Soziale Netzwerke besser nutzen

Außerdem möchte er gerne die Möglichkeiten der sozialen Netzwerke intensiver nutzen – als Kommunikationsplattform für den Einzelhandel und die Gastronomie in der Stadt. Die neuen Medien ermöglichen nach seiner Überzeugung neue Absatzwege. Einzelne Geschäftsleute oder Gewerbetreibende seien in diesem Bereich bereits stark unterwegs, doch viele seien nach wie vor skeptisch.

Grundsätzlich findet Bonholzer, dass der WFV strukturell sehr gut aufgestellt ist – vor allem auch, weil der Verband nicht nur als Organisator von Großveranstaltungen wie dem Frühlingsfest und dem Christkindlmarkt verstanden werde, sondern auch als Interessenvertretung der Mitglieder. Der WFV werde sich auch unter seinem Vorsitz einbringen in die Stadtpolitik, die Anliegen der Geschäftsleute und Gewerbetreibenden sowie Selbstständigen offensiv vertreten.

„Ärmel hochkrempeln und anpacken“, nennt Bonholzer seinen Arbeitsstil. Es sei wichtig, auf Herausforderungen wie die Pandemie mit Konzepten zu reagieren: Statt großer Feste also einen Altstadtbiergarten zu organisieren, nennt er als Beispiel.

Grundsätzlich findet er für die Zeit nach der Pandemie: Weitere große Veranstaltungen und Feste brauche es nicht in Wasserburg. „Wir sind mit dem Frühlingsfest und dem Christkindlmarkt gut unterwegs – dazu kommen noch unsere beliebten musikalischen Samstage.
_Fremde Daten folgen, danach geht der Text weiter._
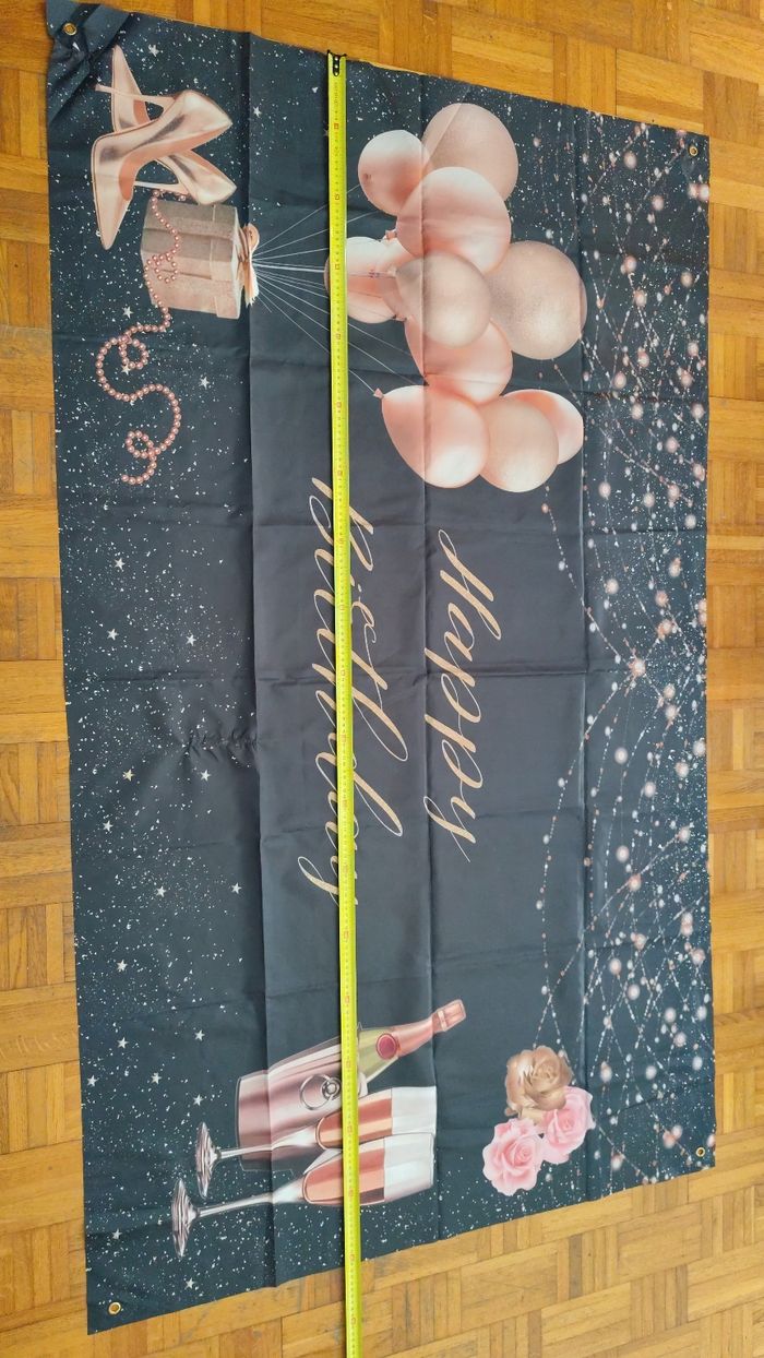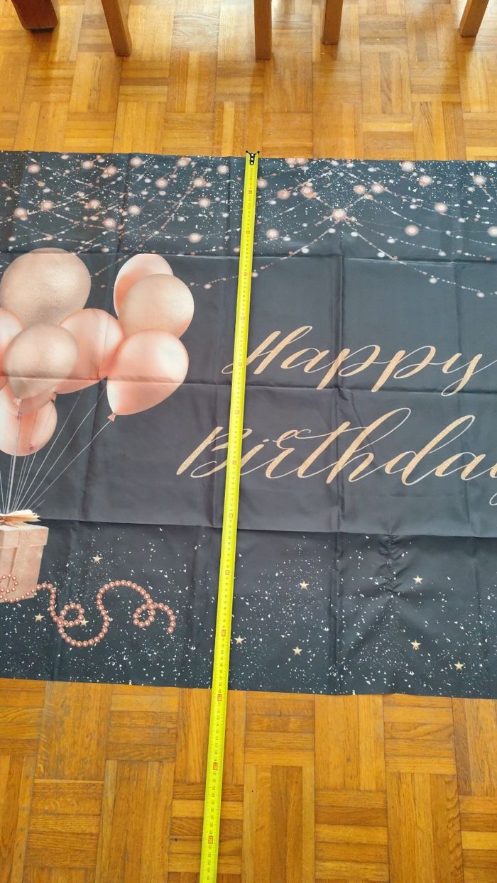 Bonjour Je vends une décoration d'anniversaire: 🥳Drapeau style affiche en 🥳 Matière en tissu 🥳 écrit Happy birthday 🥳En bon état 🟠 Défauts: tissu un peu abîmé ( voir les deux dernières photos) 🥳 Mesurations: 👉 Longueur : 181.3 cm 👉 Hauteur : 108.7 cm

Das reicht.“

Christkindlmarkt: sehr wünschenswert

Könnte es heuer wieder klappen mit einem Christkindlmarkt? Bonholzer sagt, „ich würde es mir sehr wünschen“. Er gibt jedoch auch offen zu, dass der WFV nicht nur abhängig von der Entwicklung der Infektionszahlen sei, sondern sich auch die Frage stelle, „ob wir uns den Christkindlmarkt leisten können“. Denn zwei Mal sei das Frühlingsfest, dessen Erlöse notwendig seien, um den Weihnachtsmarkt zu veranstalten, schließlich ausgefallen.

Der WFV lebe zudem von Mitgliedsbeiträgen, Spenden und der Unterstützung der Stadt. Der neue Vorsitzende hofft, dass sich die Situation in den nächsten Monaten weiter entspannt – „auch weil sich viele impfen lassen“. „Ich bin kein Virologe, kein Arzt. Doch für mich steht fest: Dieses Virus bekämpfen wir nur, wenn es möglichst wenig Wirte findet.“

Vision von einem eigenen Online-Markt

Grundsätzlich ist er überzeugt, dass die Stadt Wasserburg eine große Chance hat, die Krise gut zu überstehen. Der Einzelhandel werde geprägt von sehr vielen inhabergeführten Geschäfte, weniger von Filialisten. Auch die Gastronomie, die besonders schwer zu kämpfen gehabt hätte, werde aus der Kriser gestärkt herauskommen, ist Bonholzer überzeugt. Derzeit verspüre auch sie bei den Kunden einen großen Nachholeffekt.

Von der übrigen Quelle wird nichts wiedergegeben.